## Case 4

In this tutorial, we provide a demo on how to use FAIRSteam to generate ready-to-model datasets in both TensorFlow Dataset format and DataFrame format. Then, we provide 2 example models that take these modeling data as inputs and make either multi-class or binary classification. 

In [1]:
import tensorflow as tf
from tensorflow import keras
from tensorflow.keras.callbacks import EarlyStopping
import matplotlib.pyplot as plt
import pandas as pd
import numpy as np
import matplotlib.pyplot as plt
import seaborn as sns
sns.set_style('whitegrid')

import FAIRStream

## setup

In [2]:
# csv pool folder directory
csv_pool_path = '/Users/jiaxingqiu/Documents/CAMA_projects/BSI/code/projects/csv_pool'
# current experiment working directory
work_dir = '/Users/jiaxingqiu/Documents/CAMA_projects/BSI/code/projects/case_txp'

In [3]:
# initiate a FAIRStream object instance for BSI project
bsi_stream = FAIRStream.FAIRStream(work_dir)
# take a look at dictionaries in engineer's hands
#bsi_stream.engineer.csv_source_dict
bsi_stream.engineer.variable_dict

Success: Querier has initiated a csv source dictionary in:/Users/jiaxingqiu/Documents/CAMA_projects/BSI/code/projects/case_txp/meta_data/csv_source_dict_demo.json
Success: Querier has initiated a variable dictionary in:/Users/jiaxingqiu/Documents/CAMA_projects/BSI/code/projects/case_txp/meta_data/variable_dict_demo.json
Unable to read sql source dictionary. Use Querier.update_sql_source_dict() to build one.

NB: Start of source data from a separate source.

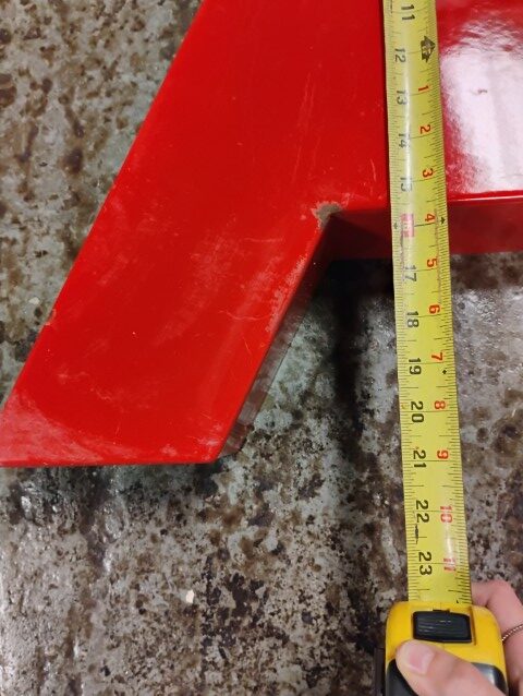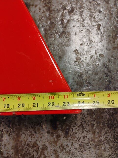 “A” Sign, Red, Metal, Approximately 21 1/2in. x 24in. x 4in. Please inspect the photos carefully for condition, all items are sold as is.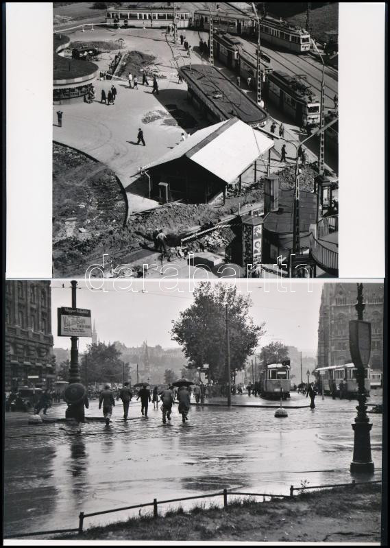 Description: cca 1968 Budapesti villamosok a Moszkva téren és a Kossuth téren, 2 db modern nagyítás Kotnyek Antal (1921-1990) budapesti fotóriporter hagyatékából, jelzés nélkül, 15x21 cm
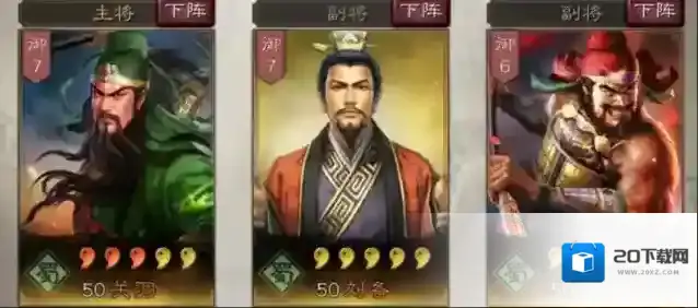 3. 缘分组合:关羽+张飞+刘备(统御20)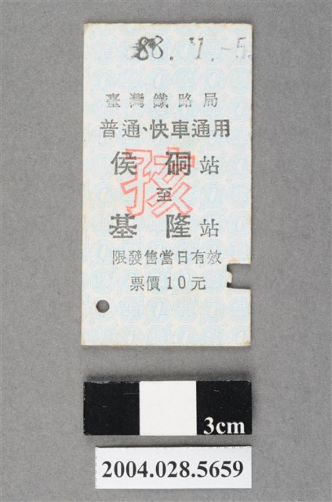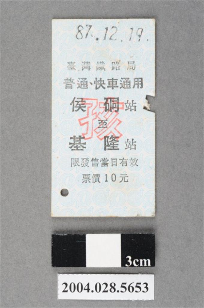 臺灣鐵路局普通及快車通用侯硐至基隆站孩童票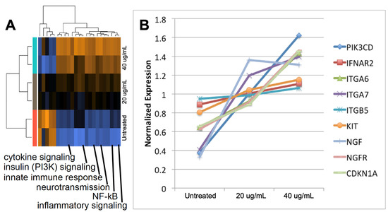 We investigated changes in gene expression in cells incubated in culture with exosomes isolated from epileptogenic tissue. We used SH-SY5Y cells, which have been widely used as a neuronal model [19] and are known to express TLR7/8 [20,21]. The cells were treated with 2 doses of exosomes from epileptogenic tuber tissue (20 and 40 ug/mL) and compared to untreated control cells. We performed gene expression analysis using the NanoString nCounter Neuroinflammation Panel [22]. This panel includes probes for 770 genes involved in key pathways representing inflammation, immunity, neurobiology, metabolism, and stress. The nCounter technology enables direct measurement of transcript abundance and provides quantitative sensitivity comparable to qRT-PCR, while avoiding bias inherent to reverse transcription and amplification reactions. Pathway analysis using NanoString nSolver software revealed a dose-response pattern of pathway alterations (Figure 3A). A cluster of pathways exhibited a dose-dependent increase, including inflammation, innate immune response (TLR), cytokine signaling, NF-κB, insulin (PI3K) signaling, and apoptosis. Induction of these pathways are characteristic of TLR7/8 activation.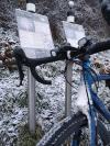 Tak odpoledne už to tak v poho nebylo. Docela to ujíždělo a stahovalo to kola do různých zářezů. Jel jsem to skoro krokem a všechny zatáčky taky. Nestabilní sněholedo břečka.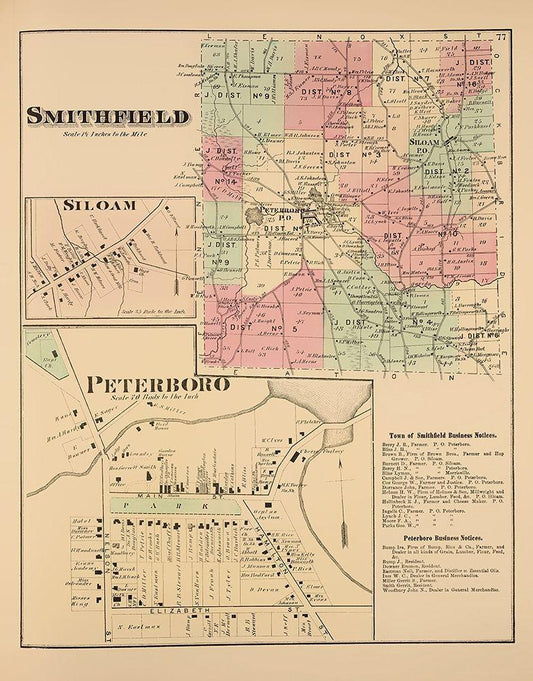Smithfield New York Landowner - Whitman 1875 White Modern Wood Framed Art Print with Double Matting by Whitman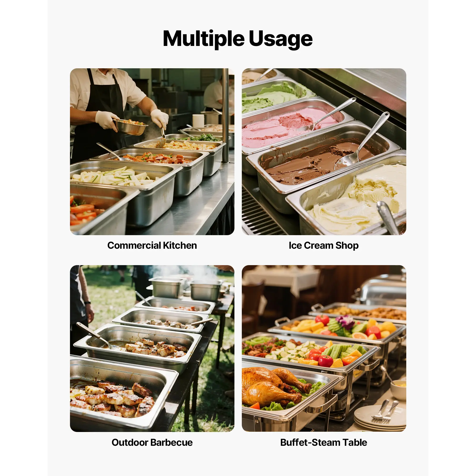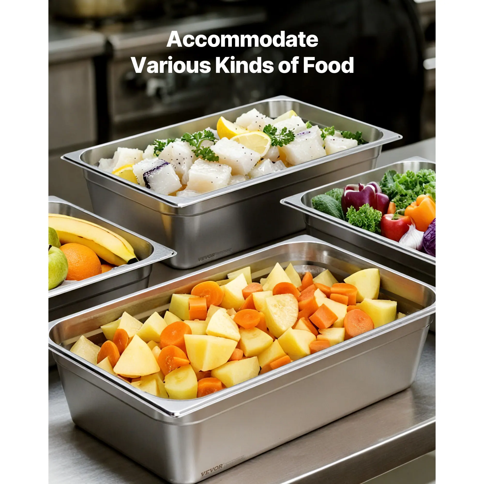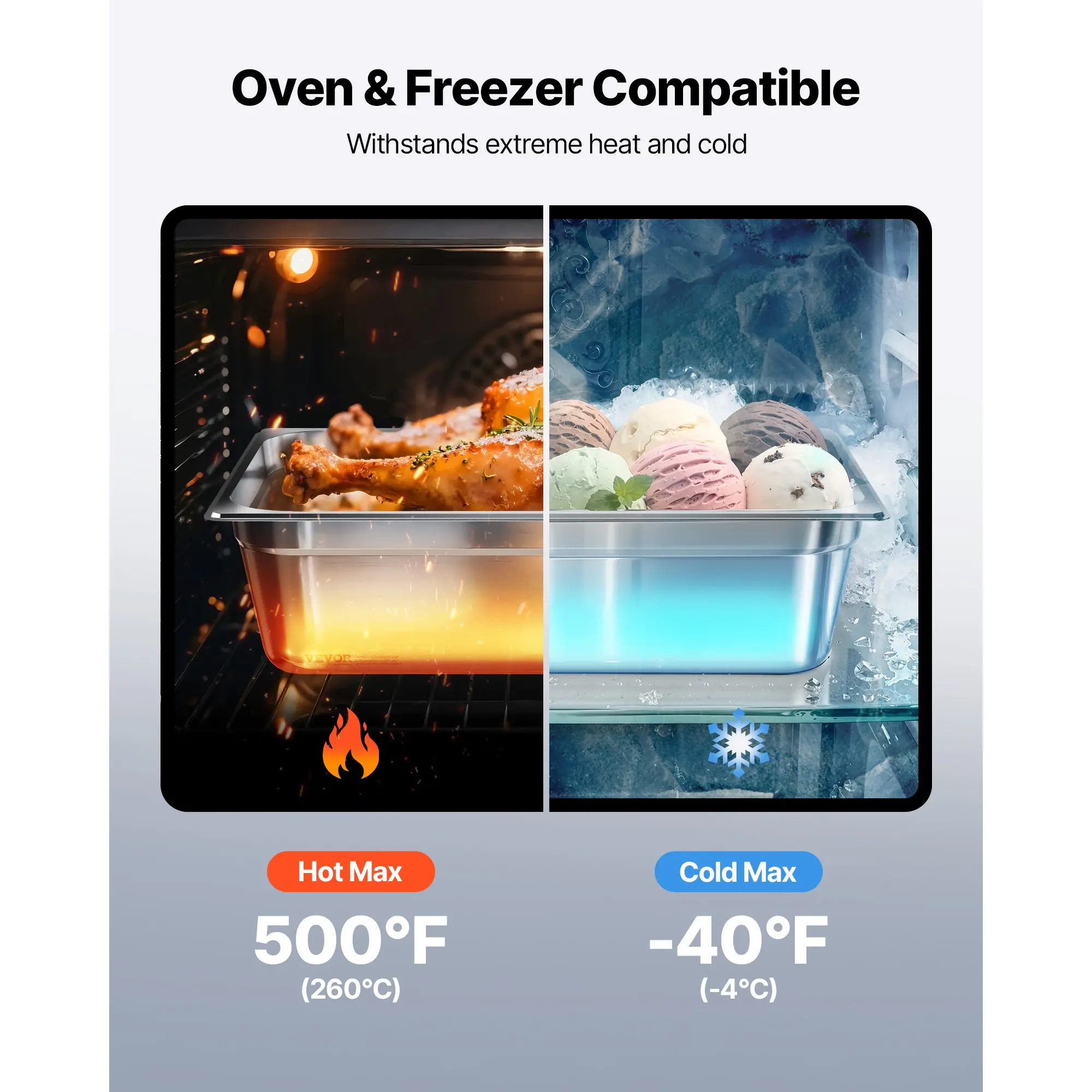 • Commercial-Grade Stainless Steel: Our Stainless Steel Hotel Pan is crafted from commercial-grade 22-gauge SS201 stainless steel for long-lasting durability and excellent rust resistance. It’s ideal for holding both hot and cold foods and withstands temperatures from -40℉ to 500℉ (-4℃ to 260℃). Suitable for high-temp commercial dishwashers, refrigerators, freezers, and more

{'__uid': {'src_names': ['id', 'ID', 'subject_id', 'subject_id'],
  'label': 'unique subject id for current study',
  'unique_per_sbj': True},
 '__time': {'src_names': ['tsa', 'tsa', 'timeMinutes', 'timeMinutes'],
  'label': 'time since admission',
  'unit': 'minute'},
 '__anchor': {'src_names': ['True_positive', 'True positive'],
  'label': 'anchor for an episode',
  'unique_per_sbj': False,
  'factor': {'levels': {'__neg_nbc': ['0', '0.0', 'nan'],
    '__pos': ['1', '1.0']},
   'impute_per_sbj': {'nan_level': '__neg_nbc'}}},
 'y': {'output': True,
  'src_names': ['True_positive', 'True positive'],
  'label': 'Event outcome result',
  'unique_per_sbj': False,
  'factor': {'levels': {'nbc': ['nan'],
    'neg': ['0', '0.0'],
    'pos': ['1', '1.0']},
   'impute_per_sbj': {'nan_level': 'nbc'}}},
 'txp': {'input': True,
  'src_names': ['Confirmed Txp'],
  'label': 'Transplant recipient',
  'unique_per_sbj': True,
  'factor': {'levels': {'no': ['0', '0.0', 'nan'], 'yes': ['1', '1.0']},
   

## Define Episode

In [4]:
# define an episode (notice that the engineer now has new attributes)
bsi_stream.engineer.DefineEpisode(input_time_len=2*24*60, # using vital signs and labs 4 days prior to a culture 
                                  output_time_len=1, # predict one time unit into the future
                                  time_resolution=60, # aggregate minutely data to one row per hour 
                                  time_lag=0,  # no time lag between predictors and response
                                  anchor_gap=7*24*60) # the minimum distance between two episodes

Success! Engineer has updated attributes --- episode. 


In [5]:
print(bsi_stream.engineer.episode)

 
An episode is defined to 
--- use 2880 minute(s) long input variables 
--- predict 1 minute(s) response variables into the future
--- lag 0 minute(s) between predictors and responses
--- increase by every 60 minute(s)
--- last at most 10080 minute(s) long


## Build MVTS (multi-variable time series) data objects
- train_df_imputed, valid_df_imputed and test_df_imputed are dataframes
- train_tfds, valid_tfds and test_tfds are tensorflow datasets

In [None]:
# Build MVTS dataframe or tfds  (notice that the engineer now has new attributes)
bsi_stream.engineer.BuildMVTS(csv_pool_path, 
                              nsbj = 500, # number of subjects / patients to sample from the pool 
                              replace=False, # sample with replacement or not 
                              valid_frac = 0.2, # fraction of number of subjects in validation dataset
                              test_frac = 0.1, # fraction of number of subjects in left-out test dataset
                              batch_size = 64, # batch size (usually 32,64,128..)
                              impute_input='median', # imputation on predictors
                              impute_output='median' )# imputation on response (no need in BSI project)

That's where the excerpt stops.